# WHAT THIS TASK INVOLVES:
The material below holds pictures; leave them out, and copy exactly, and only, the lines from the one with "- Double layer, fully" through the last.
Start of DATA LISTING
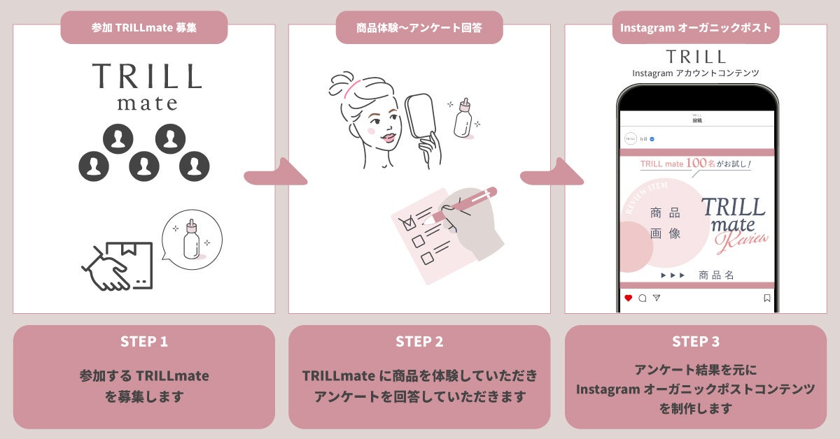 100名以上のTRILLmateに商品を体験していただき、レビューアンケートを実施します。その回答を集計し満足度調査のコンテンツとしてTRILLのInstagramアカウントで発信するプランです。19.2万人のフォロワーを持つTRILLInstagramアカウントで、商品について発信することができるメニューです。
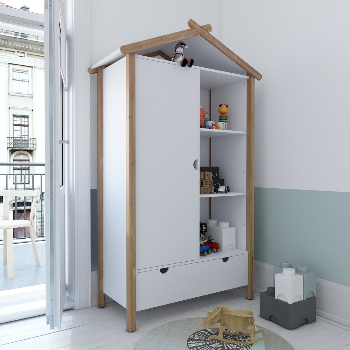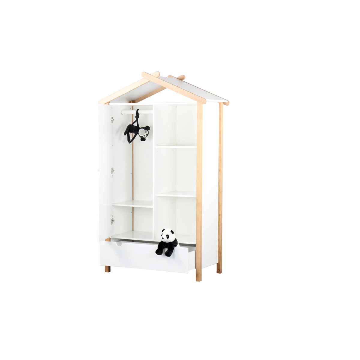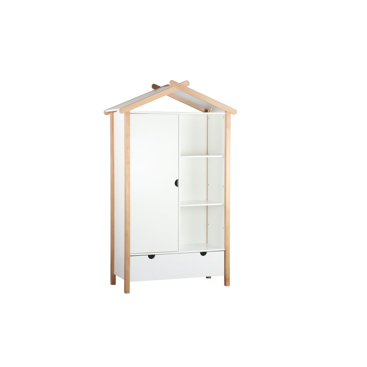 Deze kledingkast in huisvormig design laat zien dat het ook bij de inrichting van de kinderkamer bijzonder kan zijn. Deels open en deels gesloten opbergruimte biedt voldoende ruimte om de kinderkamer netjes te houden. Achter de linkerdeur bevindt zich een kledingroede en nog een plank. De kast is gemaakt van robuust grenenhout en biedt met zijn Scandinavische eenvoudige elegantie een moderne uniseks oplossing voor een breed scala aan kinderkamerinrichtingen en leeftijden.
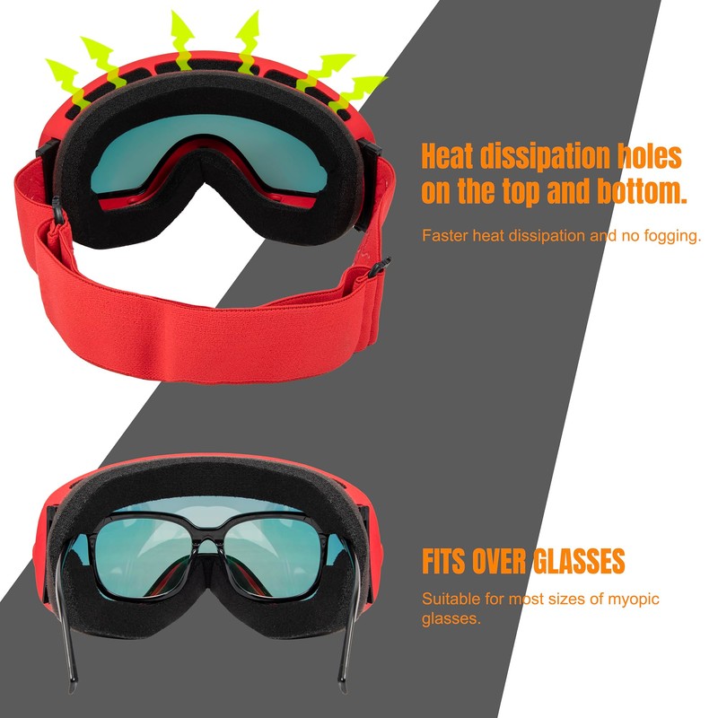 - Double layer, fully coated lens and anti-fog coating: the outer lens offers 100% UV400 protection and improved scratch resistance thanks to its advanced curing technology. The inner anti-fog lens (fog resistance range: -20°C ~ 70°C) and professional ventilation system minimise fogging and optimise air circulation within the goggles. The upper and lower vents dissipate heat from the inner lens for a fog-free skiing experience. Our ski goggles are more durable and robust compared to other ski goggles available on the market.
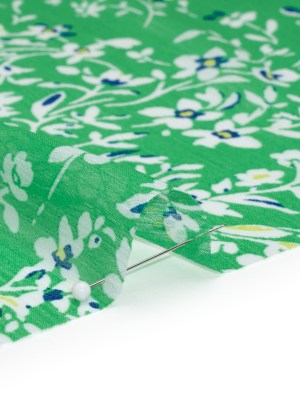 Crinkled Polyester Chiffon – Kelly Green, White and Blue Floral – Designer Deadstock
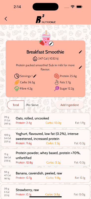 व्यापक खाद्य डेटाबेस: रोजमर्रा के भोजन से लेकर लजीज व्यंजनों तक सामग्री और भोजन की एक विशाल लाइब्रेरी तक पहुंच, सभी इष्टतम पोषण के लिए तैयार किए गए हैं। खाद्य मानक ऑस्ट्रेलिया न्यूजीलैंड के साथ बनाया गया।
End of DATA LISTING
# REPLY TO THE TASK:
 - Double layer, fully coated lens and anti-fog coating: the outer lens offers 100% UV400 protection and improved scratch resistance thanks to its advanced curing technology. The inner anti-fog lens (fog resistance range: -20°C ~ 70°C) and professional ventilation system minimise fogging and optimise air circulation within the goggles. The upper and lower vents dissipate heat from the inner lens for a fog-free skiing experience. Our ski goggles are more durable and robust compared to other ski goggles available on the market.
 Crinkled Polyester Chiffon – Kelly Green, White and Blue Floral – Designer Deadstock
 व्यापक खाद्य डेटाबेस: रोजमर्रा के भोजन से लेकर लजीज व्यंजनों तक सामग्री और भोजन की एक विशाल लाइब्रेरी तक पहुंच, सभी इष्टतम पोषण के लिए तैयार किए गए हैं। खाद्य मानक ऑस्ट्रेलिया न्यूजीलैंड के साथ बनाया गया।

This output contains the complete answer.